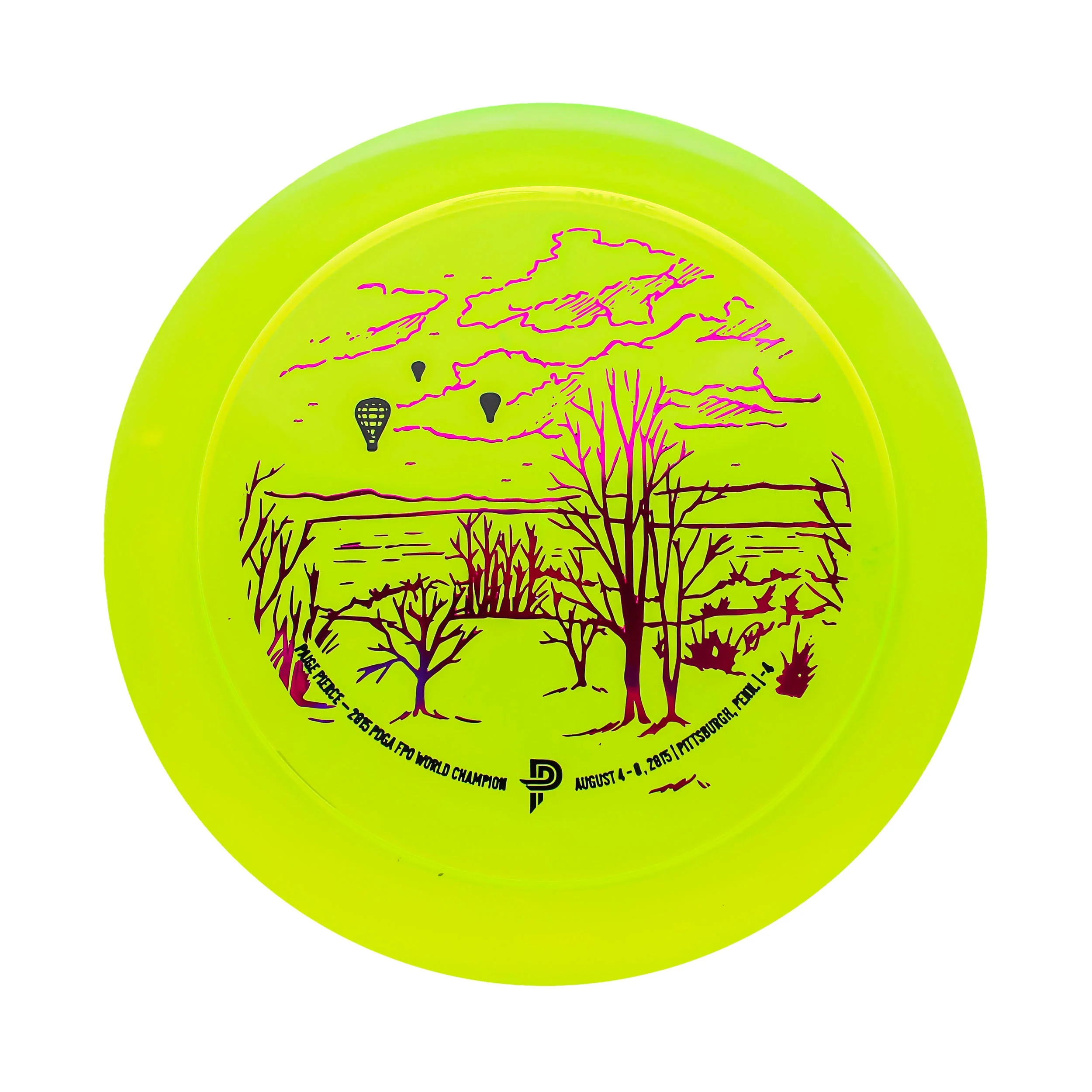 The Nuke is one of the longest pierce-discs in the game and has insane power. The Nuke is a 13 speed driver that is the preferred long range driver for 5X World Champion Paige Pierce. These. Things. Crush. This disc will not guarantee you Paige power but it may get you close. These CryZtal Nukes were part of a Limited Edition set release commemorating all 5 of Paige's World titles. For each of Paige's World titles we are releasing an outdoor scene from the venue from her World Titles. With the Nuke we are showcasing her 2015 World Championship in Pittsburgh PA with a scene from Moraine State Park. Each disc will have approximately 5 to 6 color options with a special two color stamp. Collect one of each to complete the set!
---
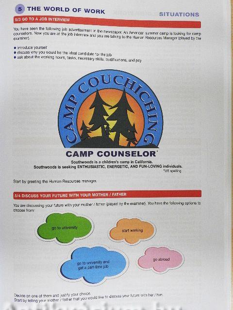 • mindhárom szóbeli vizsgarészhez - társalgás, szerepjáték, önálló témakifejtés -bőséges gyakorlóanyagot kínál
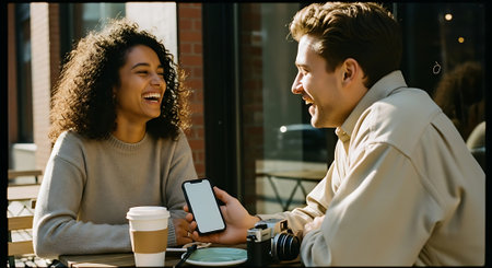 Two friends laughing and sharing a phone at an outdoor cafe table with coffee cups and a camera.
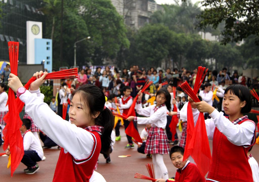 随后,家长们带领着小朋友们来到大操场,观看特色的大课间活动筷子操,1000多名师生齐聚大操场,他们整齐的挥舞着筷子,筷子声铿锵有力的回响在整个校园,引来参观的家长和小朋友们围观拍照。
* * *
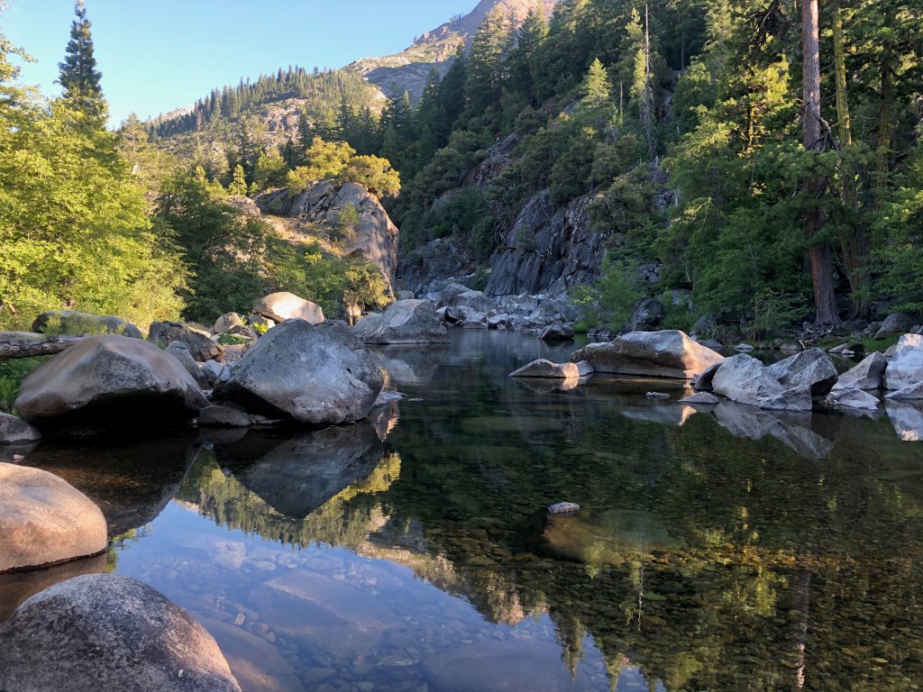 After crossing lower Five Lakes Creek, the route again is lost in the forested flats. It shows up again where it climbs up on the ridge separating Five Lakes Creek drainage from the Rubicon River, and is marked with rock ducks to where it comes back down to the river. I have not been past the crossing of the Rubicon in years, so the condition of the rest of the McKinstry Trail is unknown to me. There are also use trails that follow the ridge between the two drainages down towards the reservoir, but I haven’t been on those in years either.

▶ **ASSIGNMENT**
Above are the records. Copy only the lines from the one with "Two friends laughing" through the one with "随后,家长们带领着小朋友们来", exactly, with no pictures.

▶ **YOUR RESPONSE**
 Two friends laughing and sharing a phone at an outdoor cafe table with coffee cups and a camera.
 随后,家长们带领着小朋友们来到大操场,观看特色的大课间活动筷子操,1000多名师生齐聚大操场,他们整齐的挥舞着筷子,筷子声铿锵有力的回响在整个校园,引来参观的家长和小朋友们围观拍照。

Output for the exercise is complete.